Le Dim. Fév. 22 10:04:52 2009, NKH a écrit :
Show quoted text> Removing document when the 'positions' argument is 0 and you don't have
> the original document keeps references to the document in the index
> database. If you add a document and then remove it, a search would still
> return the removed document id. This is very wrong as the engine should
> also remove the document id from the index or provide a garbage
> collection function.
>
> This means the following problems:
> - One must use unique ids
> - One must check the documents ids returned by a search
The doc says that "when removing a document, and when the index was
created without word positions, then the text representation of the
document must be given as second argument and must be the same as the
one that was supplied when calling the add() method".
So if this API is not respected, the index database indeed gets
corrupted; but this is not a bug, it's just that the method was called
with improper arguments, so I'm rejecting the ticket.

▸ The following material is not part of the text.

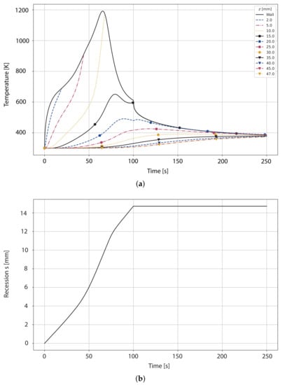 where is the wall temperature, the enthalpy of the gaseous surface reaction products, and p the pressure [29]. The enthalpy flux that is carried away from the material can then be calculated using . The charred material mass flux can be connected to the surface recession rate via:

An index created with option {positions=>0} just keeps a collection of
inverted lists $word_id => [$doc1, $doc2, ...], with one entry for each
word. This is optimized for providing fulltext search functionality at a
minimal cost in terms of storage; so if you know a word id, you can
retrieve which documents contain that word; but if you know a doc id,
there is no direct way to retrieve which words are in that document
(that would require walking through the entire index, which would be
much too slow).
An index created with option {positions=>1} has a more complex
datastructure, with enough information to retrieve which words belong to
a given document; but the cost is much more disk space and indexing time
... there is no free lunch !